**Records supplied:**
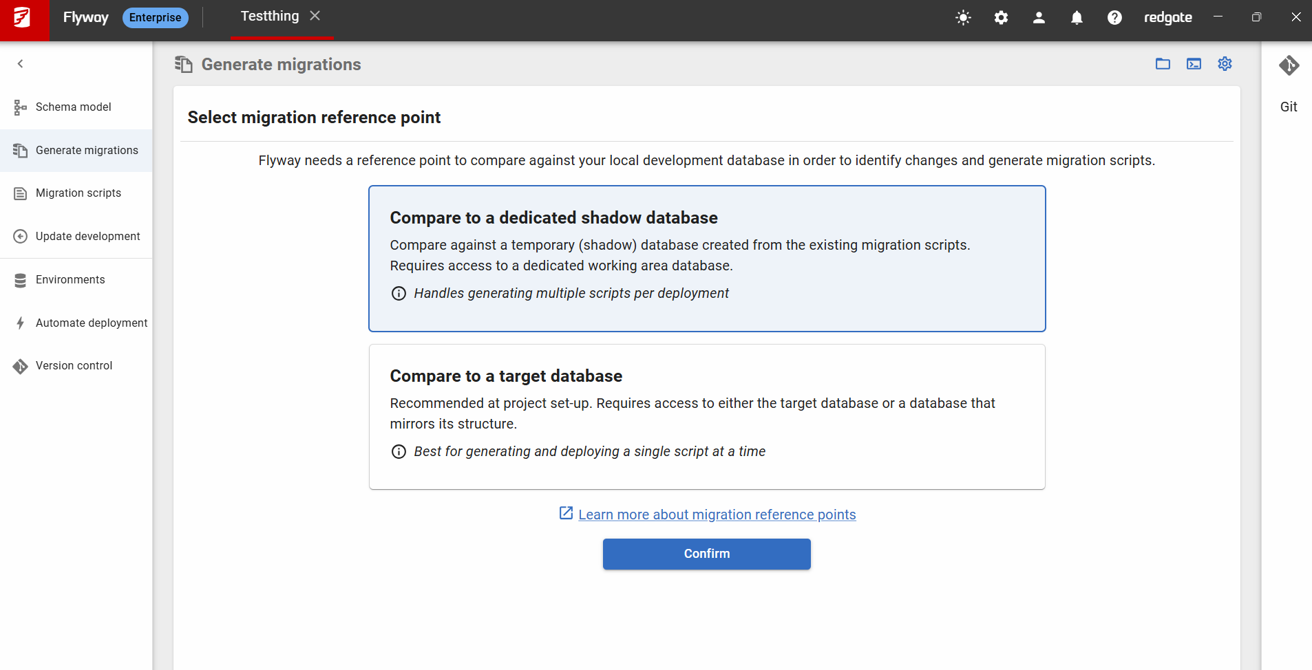 If you do not yet have a Shadow Database configured when going to the “Generate Migrations” page you will see the following choices:
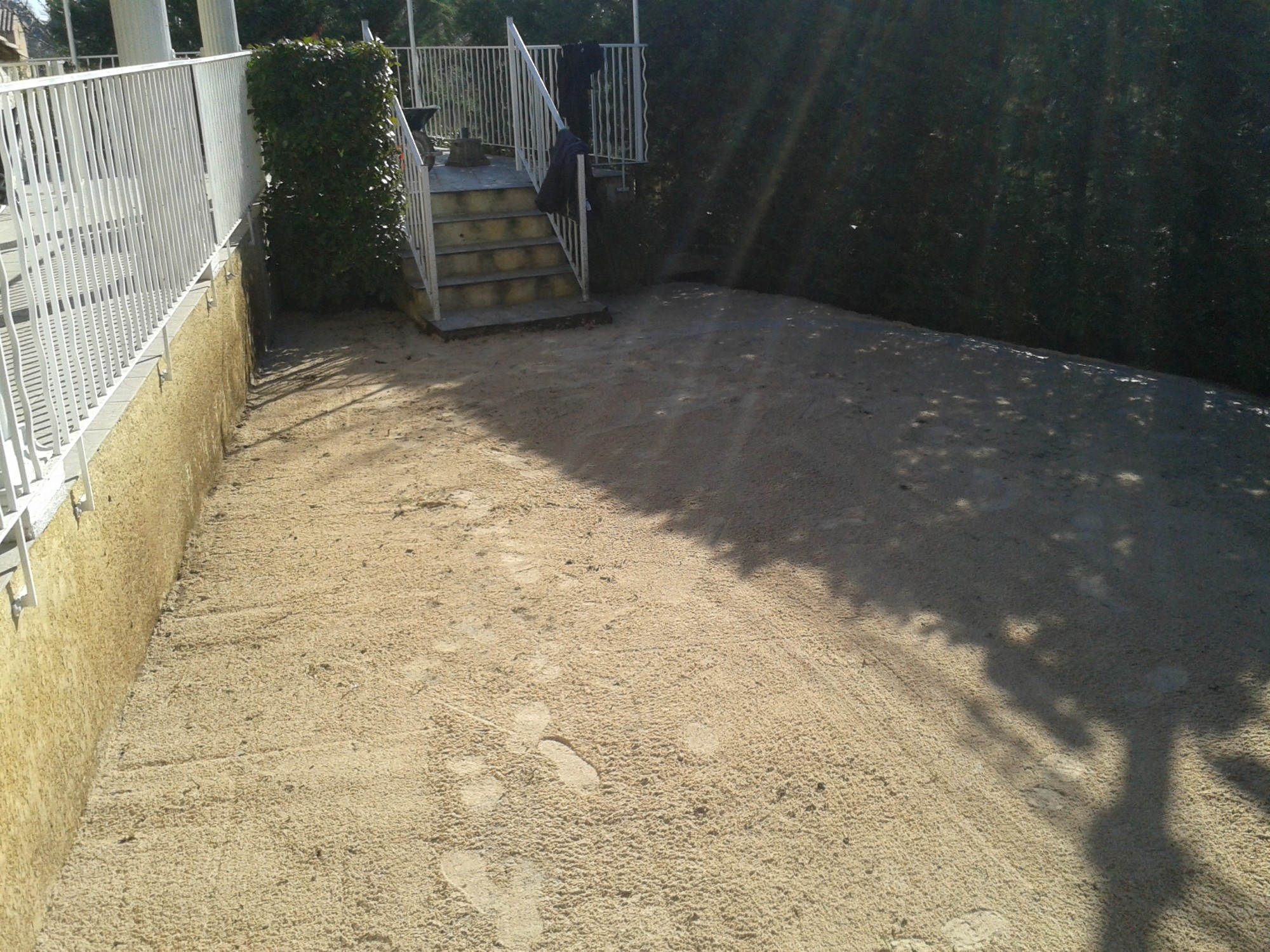 Ensuite nous avons étalé une fine couche de sable calcaire 0.2 sur 2 à 3 cm pour enlever toutes les aspérités du sol.
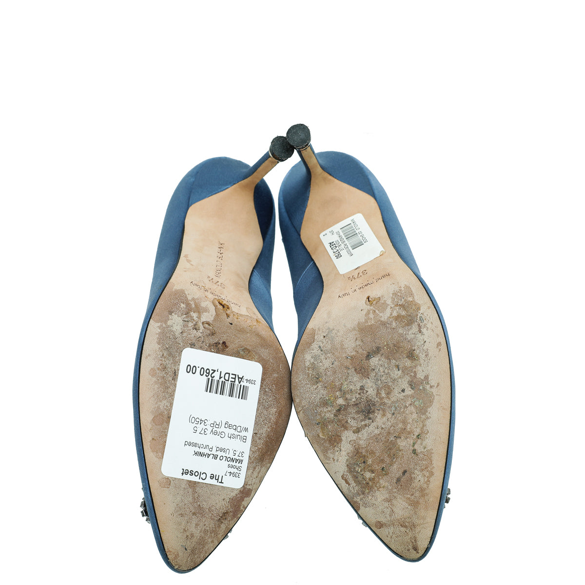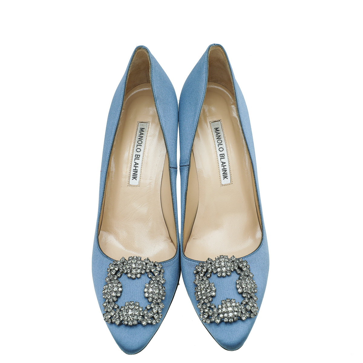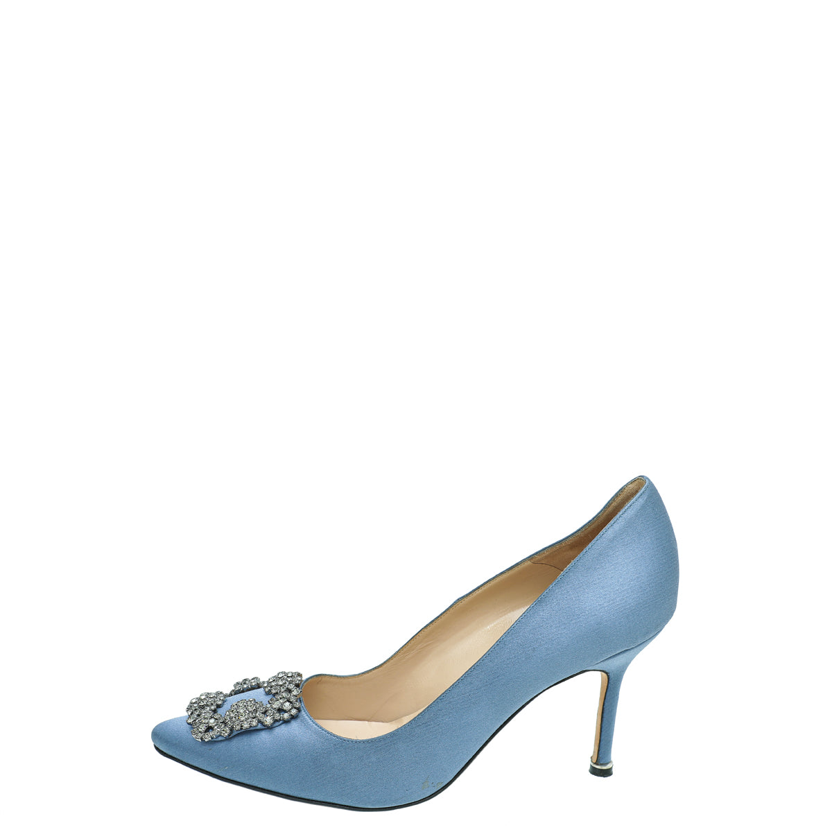 Manolo Blahnik Bluish Grey Satin Hangisi Pumps 37.5-Christian Louboutin-THE CLOSET
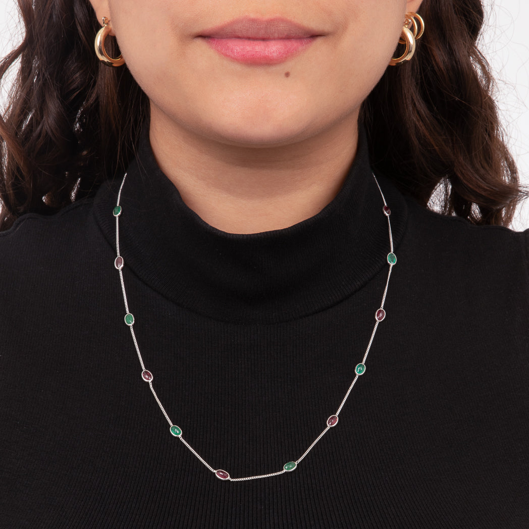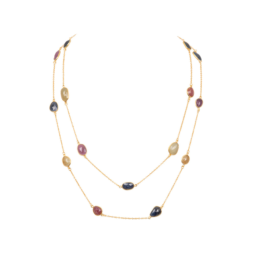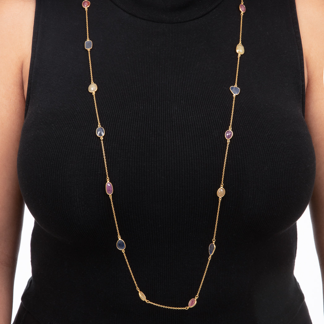 18kt Gold Plated Silver Precious Gemstone Opera Length Necklace
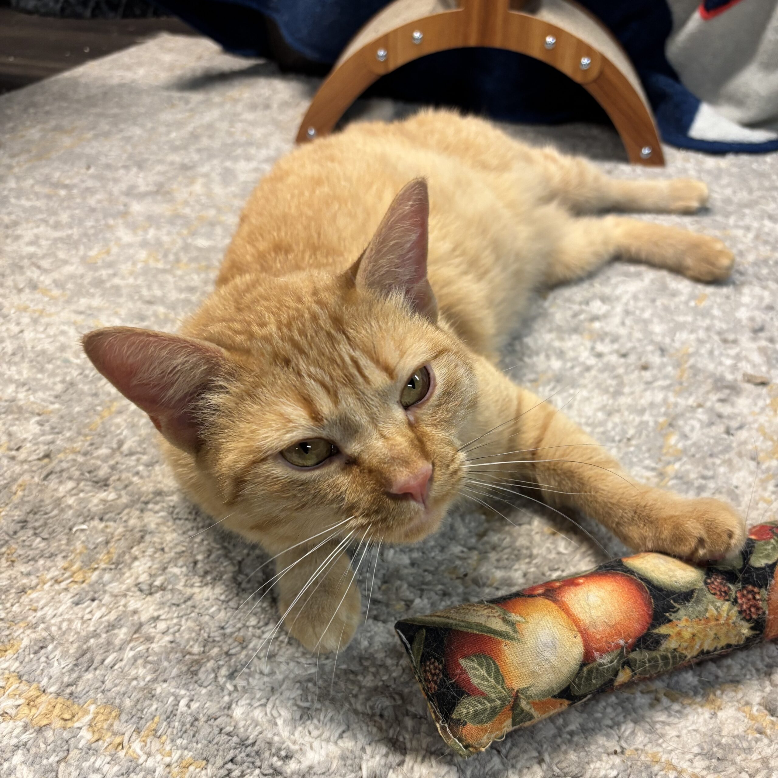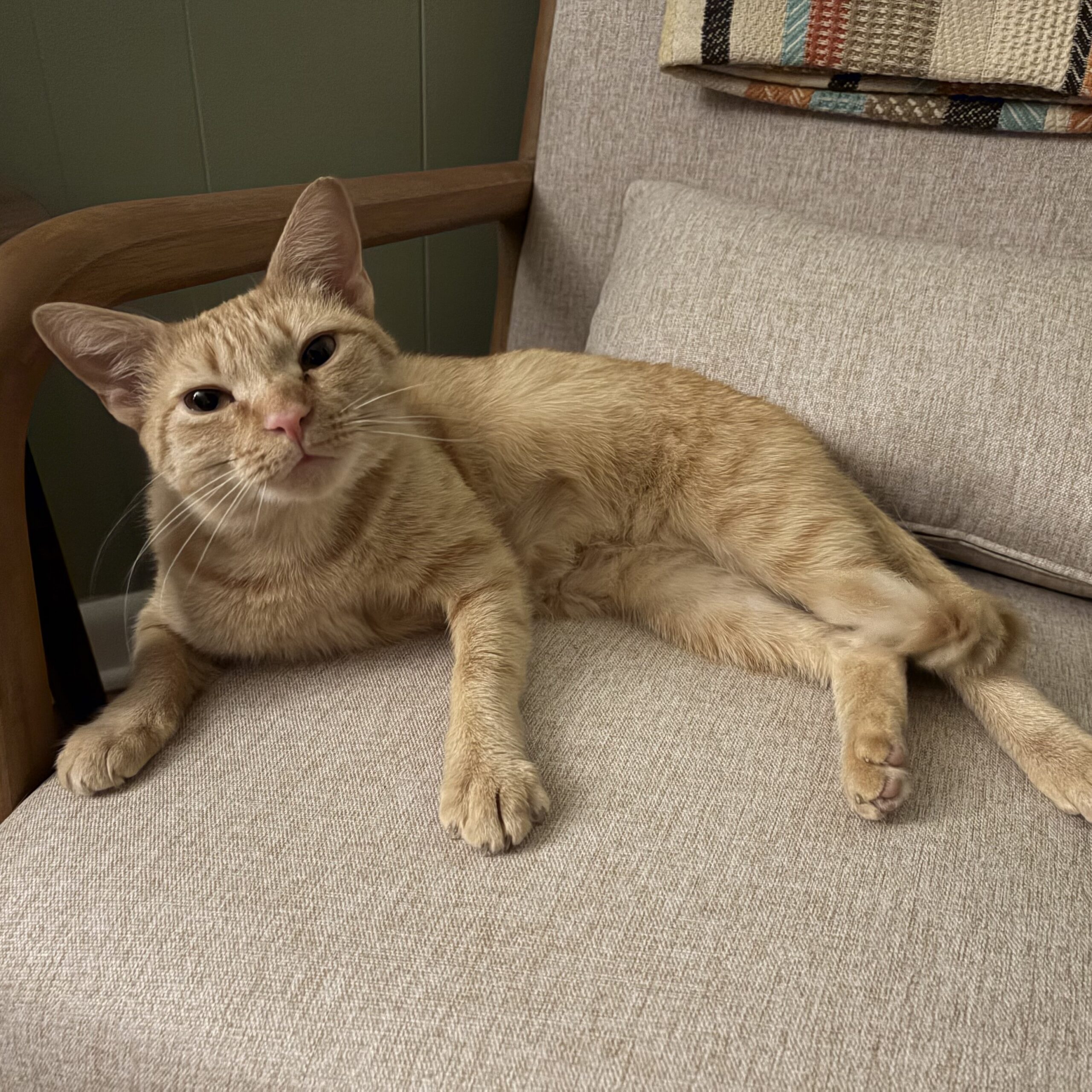 Nola isn't your average house cat—she’s got springs in her feet! Whether she’s chasing a feather wand or leaping to the top of a cat tree, her vertical jump is nothing short of impressive. When she isn't showing off her gold-medal acrobatics, she switches gears into a total purr machine. She is a master of relaxation and is looking for a soft place to land after her play sessions.

**Task to complete:** Everything from the line with "Manolo Blahnik Bluish" through the final line of the records above should be written out exactly, minus the pictures.

**Expected output:**
 Manolo Blahnik Bluish Grey Satin Hangisi Pumps 37.5-Christian Louboutin-THE CLOSET
 18kt Gold Plated Silver Precious Gemstone Opera Length Necklace
 Nola isn't your average house cat—she’s got springs in her feet! Whether she’s chasing a feather wand or leaping to the top of a cat tree, her vertical jump is nothing short of impressive. When she isn't showing off her gold-medal acrobatics, she switches gears into a total purr machine. She is a master of relaxation and is looking for a soft place to land after her play sessions.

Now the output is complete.